Process HTML
Connectors, including the IDOL Web Connector, can send documents to CFS that have associated HTML files.
CFS can send the HTML files to KeyView, which discards the HTML markup and extracts the text contained in the file. However, HTML pages often contain irrelevant content such as invalid HTML, headers, sidebars, advertisements, and scripts. This text does not contain any useful information and could pollute the IDOL index, degrading performance. KeyView does not remove this irrelevant content, so Connector Framework Server provides features to process HTML files.
-
HTML processing with WKOOP. CFS can use an embedded browser (WKOOP) to process HTML in a similar way to the IDOL Web Connector. There are many reasons to use WKOOP over other methods of processing HTML:
- The browser allows scripts to run before the page is processed, so CFS can extract content and links that are added by JavaScript.
- Links are resolved before a document is ingested, so that indexed documents contain absolute URLs.
- You can remove unwanted content using the automatic clipping algorithm, or by selecting parts of the page with CSS selectors.
- You can extract metadata or divide pages into multiple documents using CSS selectors rather than regular expressions.
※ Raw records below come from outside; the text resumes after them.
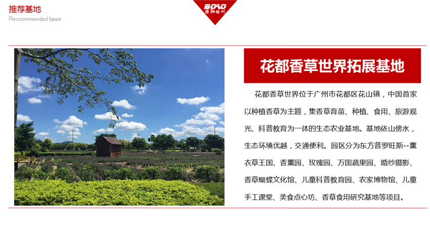 廣州花都香草世界拓展訓(xùn)練基地位于廣州市花都區(qū)花山鎮(zhèn)鐵山村,以公司加農(nóng)戶方式連片種植食用香草、食用花卉,占地面積近600多畝?;ǘ枷悴菔澜缰黝}定位為香草王國、繽紛樂園,以融入“珠三角經(jīng)濟圈”和“泛珠三角經(jīng)濟圈”為發(fā)展理念,打造以綠色生態(tài)、休閑度假、商務(wù)會議為主的特色旅游產(chǎn)業(yè)體系,以旅游觀光、農(nóng)業(yè)示范為主題,力爭打造成一個集休閑、旅游、度假、會議為一體的農(nóng)業(yè)科技旅游生態(tài)公園。
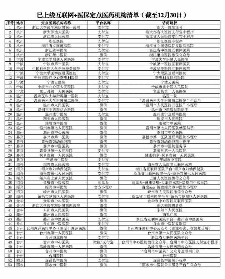 截至12月30日,浙江共有53家医院(其中宁波8家)开通“互联网+医保”诊疗服务,患者可通过支付宝、微信两个平台登录互联网医院就诊。
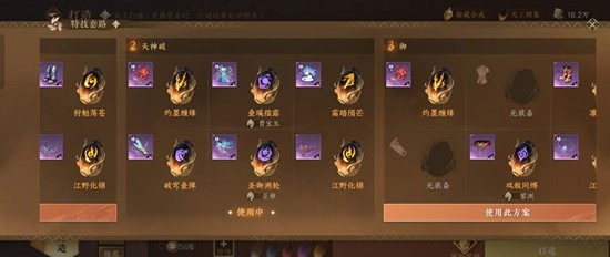 握抒、向天歌、寒光凌刃、御日吞天/剑心、锋镝夺魄、烈焰枪、都可以带,看自己号进攻分收益微调即可 。唯一注意携带御日吞天的话要把防御特质换铁臂。

NOTE: To use WKOOP you must also install the IDOL Web Connector, because WKOOP is not provided with CFS. You must install a version of WKOOP that is the same as, or later than, the version of CFS that you are using.
- HTMLExtraction. HTML extraction extracts the useful information from the page and discards the irrelevant content. It automatically determines which content is relevant, so there are no configuration parameters for customizing this operation. If HTML extraction does not produce good results for your use case, you might want to use the clipping features provided by WKOOP, instead.